Junkin, a Washington, D.C., attorney who spent childhood summers on Bloodsworth’s native Eastern Shore, tells the details from Bloodsworth’s point of view - the bewildering, terrifying ordeal that spun out of control within hours of his arrest.
astro
October 20, 2004, 1:42am
2
Sorry - was supposed to be MPSIMS - Will ask a mod to move
Moving this from IMHO to MPSIMS.
Revtim
October 20, 2004, 2:54am
4
Yeah, I find this pretty scary. It’s tough to imagine anything more horrifying.
I agree it is scary. It’s not too hard to imagine something more horrifying though - like perhaps the ordeal of the 9 year old girl, for example.

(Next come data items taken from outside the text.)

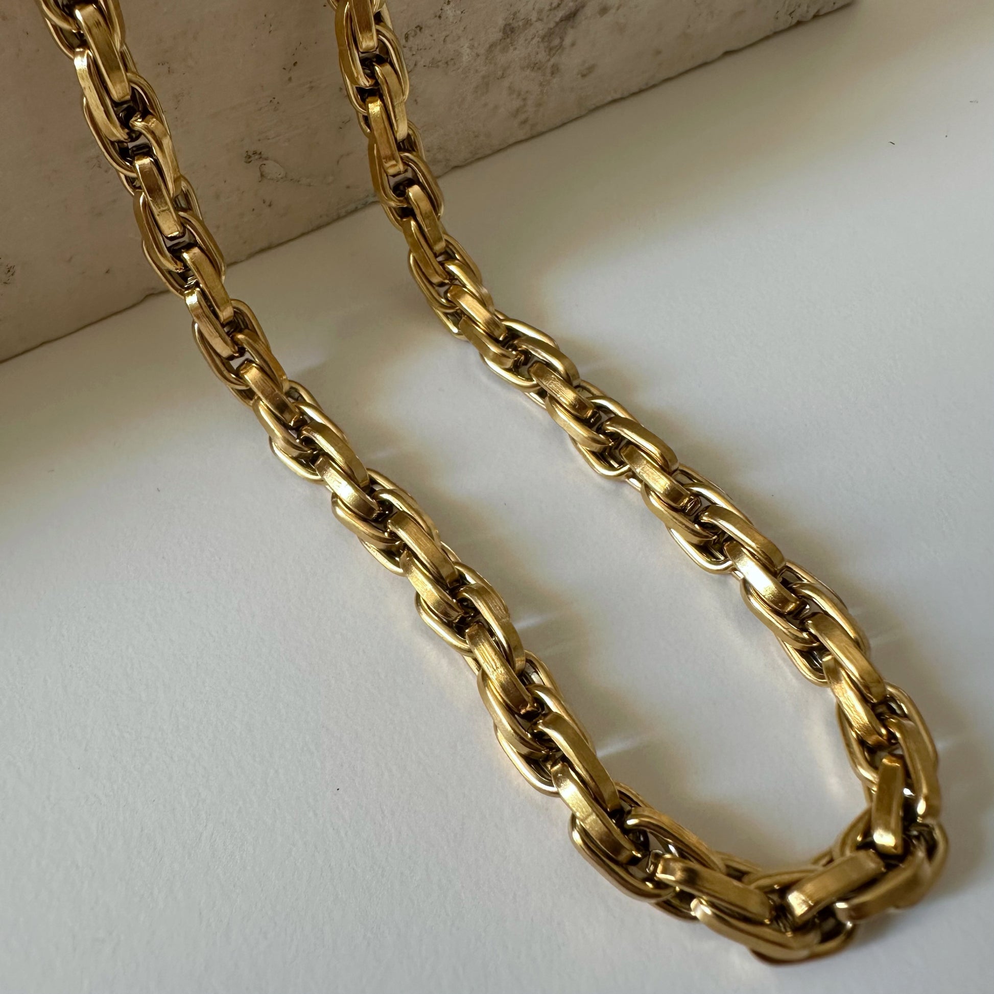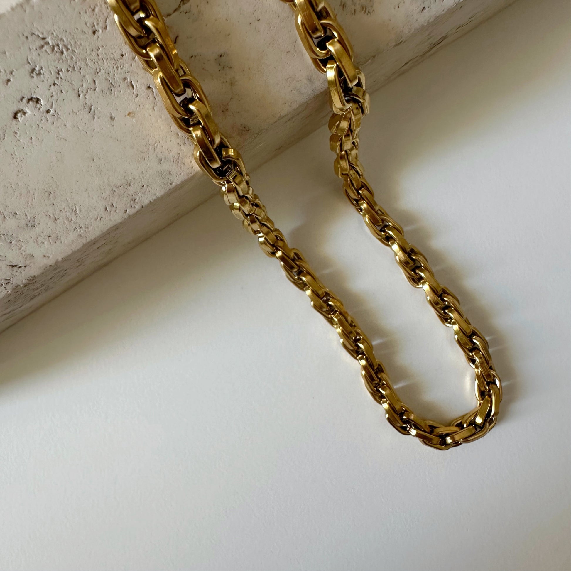 Catena importante lavorazione geometrica intrecciata, come vogliono le prossime tendenze. Indossala da sola per uno stile più basic o abbinata ad altre collane per creare un gioco di stili e forme sempre nuovo.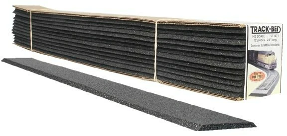 This roadbed product provides a quiet, smooth train operation and absorbs irregularities on your layout. It gives you a high-quality, economical alternative to other roadbeds. Track-Bed requires no pre-soaking like cork, remains flexible and won?t dry out or become brittle. It aligns well with cork on any layout and is available in Rolls, Strips, Sheets and Super Sheets. For an almost seamless application, use the 24-foot Rolls. All Track-Bed comes in N, HO and O scale.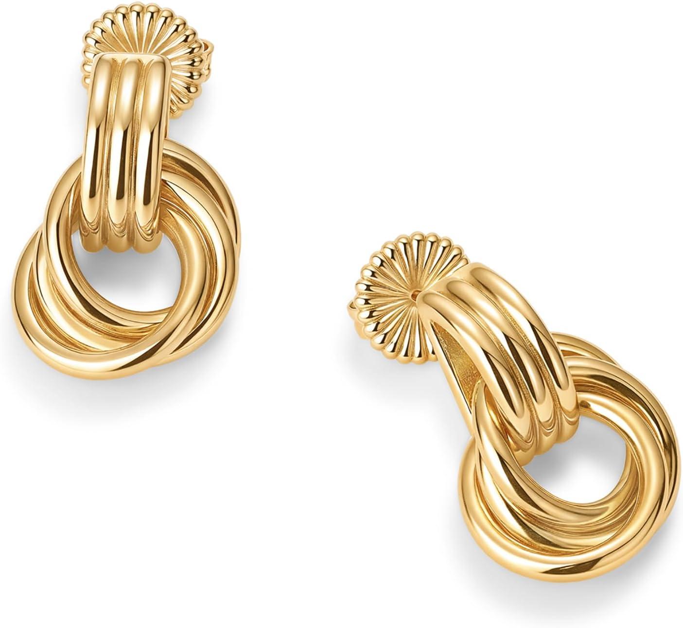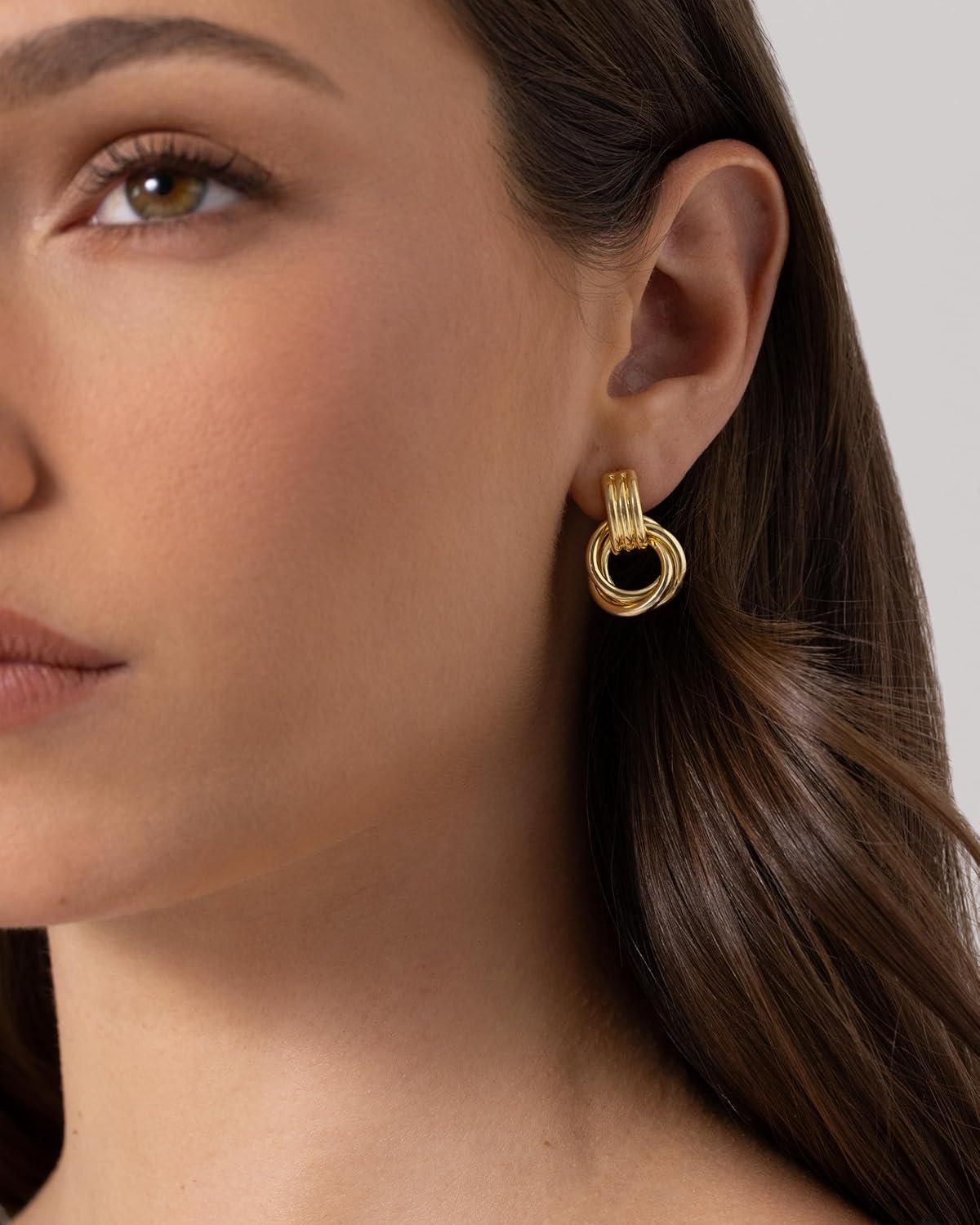PAVOI 14K Gold Plated Door Knocker Statement Earrings for Women – Chunky Gold Earrings for Women – Trendy Mixed Metals Bold Knot Drop Dangle Jewelry(Yellow Gold)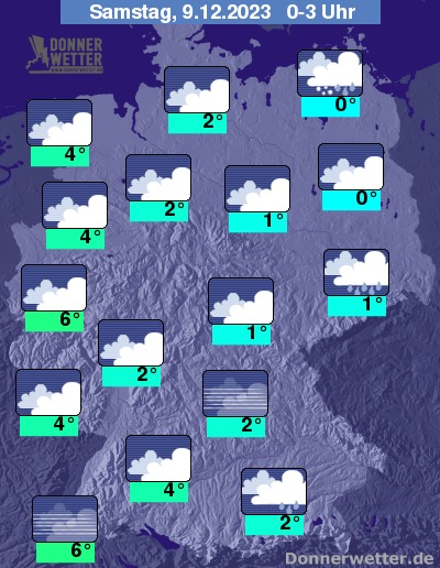 Am späten Abend und in der Nacht fällt meist nur noch in der Osthälfte etwas Schnee oder gefrierender Regen, auch am Alpenrand sind zeitweise Niederschläge möglich. In den übrigen Landesteilen bleibt es bei einer meist geschlossenen Wolkendecke überwiegend trocken.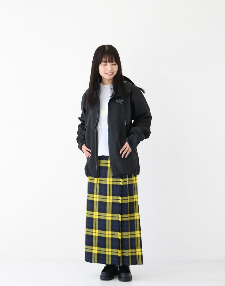スポーティーな印象のベータジャケットを使った、大人のミックススタイル。 華やかなイエローベースのチェック柄ロングスカートを合わせることで、女性らしさとトレンド感をプラスしました。 トラッドな雰囲気のあるオニールオブダブリンのスカートは、カジュアルなアイテムとも好相性◎ 洗練されたカジュアルスタイルを楽しめます。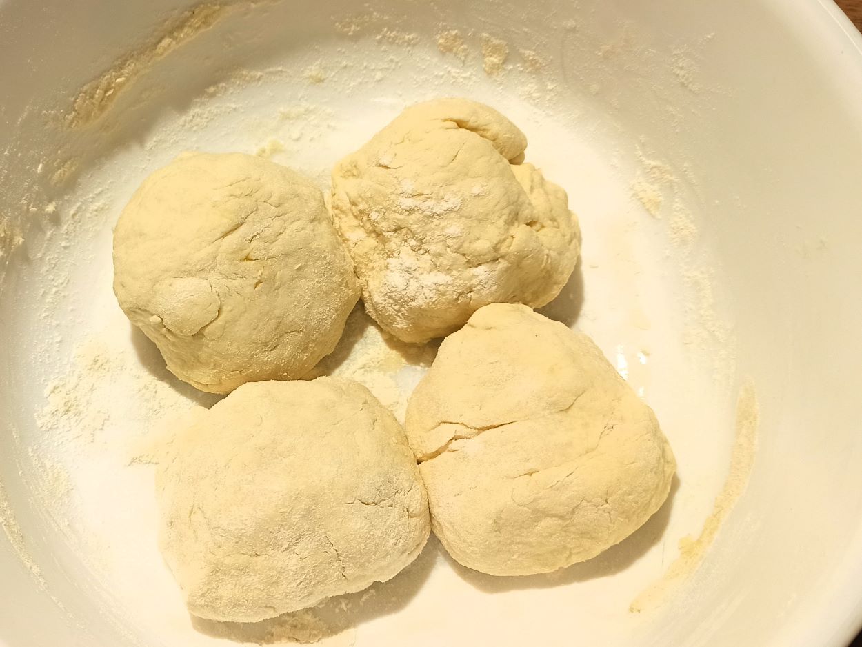 Dividete l’impasto ottenuto, in quattro parti uguali, oppure secondo le vostre esigenze, e lasciate riposare per trenta minuti.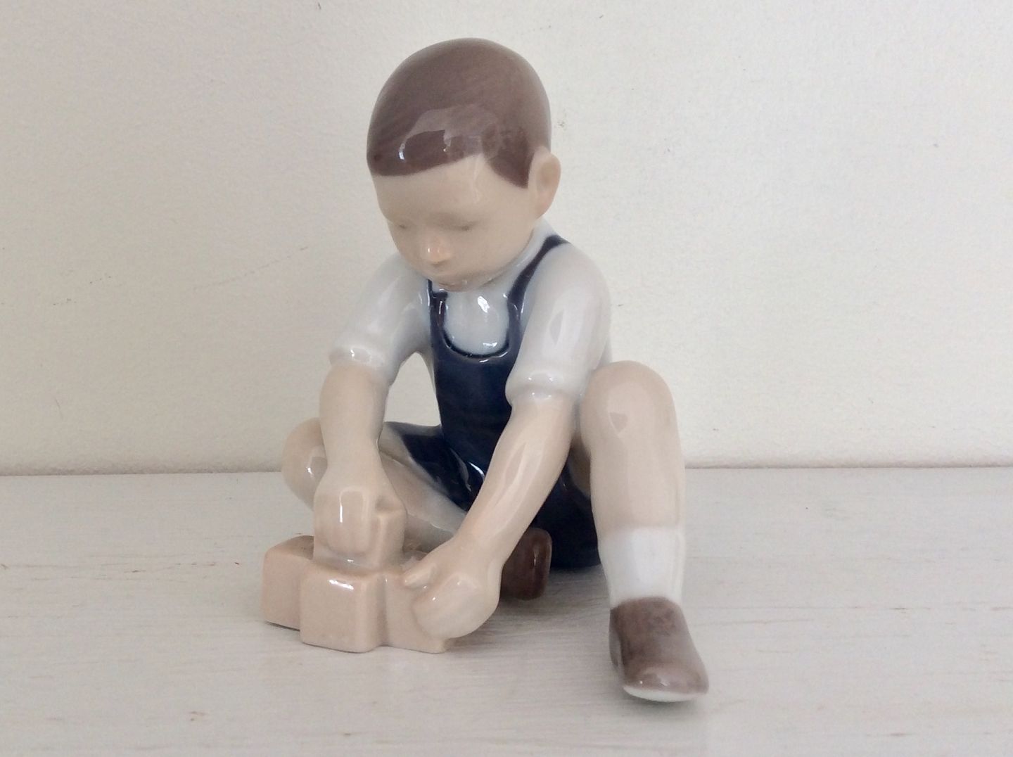 Beskrivelse: Bing og Grøndahl, Dreng med klodser #2306, 11cm høj, 10cm bred, Design Svend Jacobsen, 1.Sortering *Perfekt stand*

Do you really think he didn’t suffer much the same things in jail that she did at the hands of the perpetrator?
Well, he’s still breathing, unlike the original victim, so he didn’t suffer much the same things.
I’m not trying to minimize the tragedy of his conviction, but I don’t think equating it to the murder of a child is accurate either.
muldoonthief:
Well, he’s still breathing, unlike the original victim, so he didn’t suffer much the same things.
I’m not trying to minimize the tragedy of his conviction, but I don’t think equating it to the murder of a child is accurate either.
Yeah, a scared 9 year old being raped, with little or no understanding of why, or even what is going on = absolute terror. If she had survived, it probably would have been traumatic enough to affect every aspect of the rest of her life.
Prison rape, while awful, is not in the same league, IMO. The victim at least is a well-formed emotional being, and understands the reasons and consequences.